If using Relative Local Conservation masking, in addition to the GOPHER citations (below) please cite:

  • Davey NE, Shields DC & Edwards RJ (2009): Masking residues using context-specific evolutionary conservation significantly improves short linear motif discovery. Bioinformatics 25(4): 443-50. [Bioinformatics.] [PubMed]

If using alignments of homologous proteins, generated by GOPHER, please cite:

  • Davey NE*, Edwards RJ*, Shields DC (2007): The SLiMDisc server: short, linear motif discovery in proteins. Nucleic Acids Res. 35(Web Server issue):W455-9. [Nucleic Acids Res.] [PubMed]
    *Joint first authors
  • Edgar RC (2004): MUSCLE: a multiple sequence alignment method with reduced time and space complexity.
    BMC Bioinformatics 5:113.

If using the SigV advanced SLiMChance statistics,please cite:

  • Davey NE, Edwards RJ & Shields DC (2010): Estimation and efficient computation of the true probability of recurrence of short linear protein sequence motifs in unrelated proteins. BMC Bioinformatics 11: 14. [BMC Bioinformatics.]



Contributing Labs

This server is hosted by the Clinical Bioinformatics group led by Prof. Denis Shields in the Conway Institute of Biomolecular and Biomedical Research. The tools have been developed by Rich Edwards (currently at The University of Southampton) and Norman Davey (currently at EMBL Heidelberg).

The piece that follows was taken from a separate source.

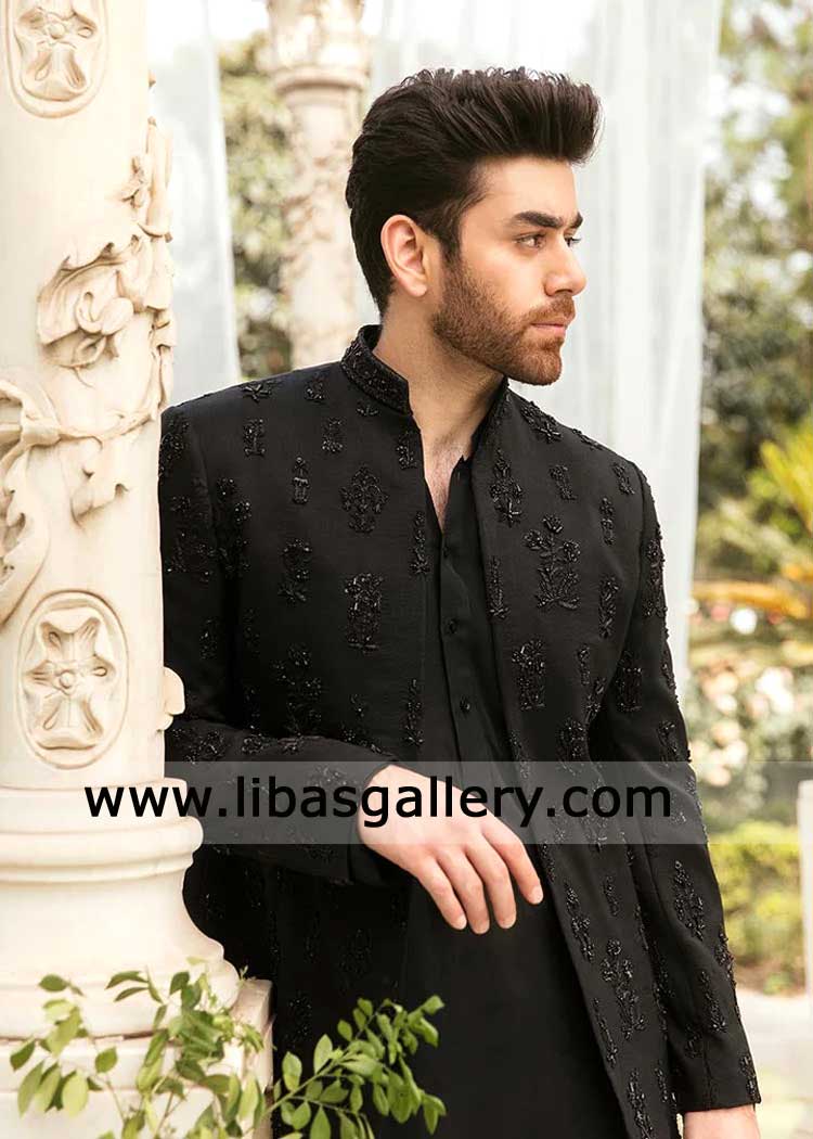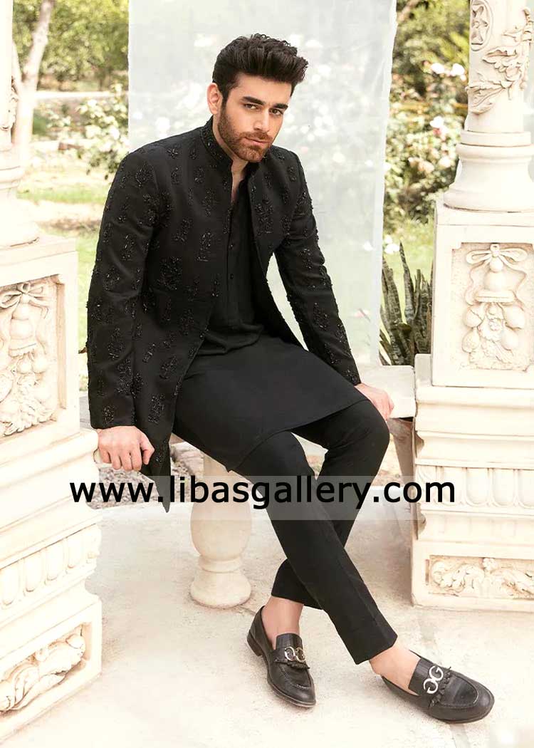Tricon Black Self hand embellished Premium Groom Sherwani

This project is a collaboration between 3 institutions, Conway Institute of Biomolecular and Biomedical Research at University College Dublin (Dublin, Ireland), School of Biological Science at University of Southampton (Southampton, England) and European Molecular Biology Laboratories (Heidelberg, Germany).

Q. Why can I only use conservation masking for UniProt entries downloaded through your site?
A. To save time, the server re-uses GOPHER alignments that have been made before. These are recognised by the accession number of the proteins. It is therefore vital to ensure that the same accession number always corresponds to the same protein sequence. Conservation masking of custom sequences can be performed using the downloadable version.

Q. If significance is Sig <= 0.05 why is probcut set to 0.99 by default?
A. We prefer to return more motifs by default and let the user determine what they think is interesting as different situations have different criteria. We urge extreme caution when intepreting motifs with Sig > 0.5 as they are most probably over-represented by chance.

Q. Why are the results slightly different for the server when running benchmark data from the original papers?
A. The server features a couple of changes to the default settings. In particular, an updated sequence database is used for orthologue predictions for conservation masking.

Q. Why do my results not have any motifs with variable-length wildcards?
A. By default, flexible-length wildcards are turned off to improve run-times. This option can be switched back on using wildvar in the Build options. If you want motifs with both flexible-length wildcards and degenerate amino acid positions, also switch on combamb. (This will slow time jobs a bit.)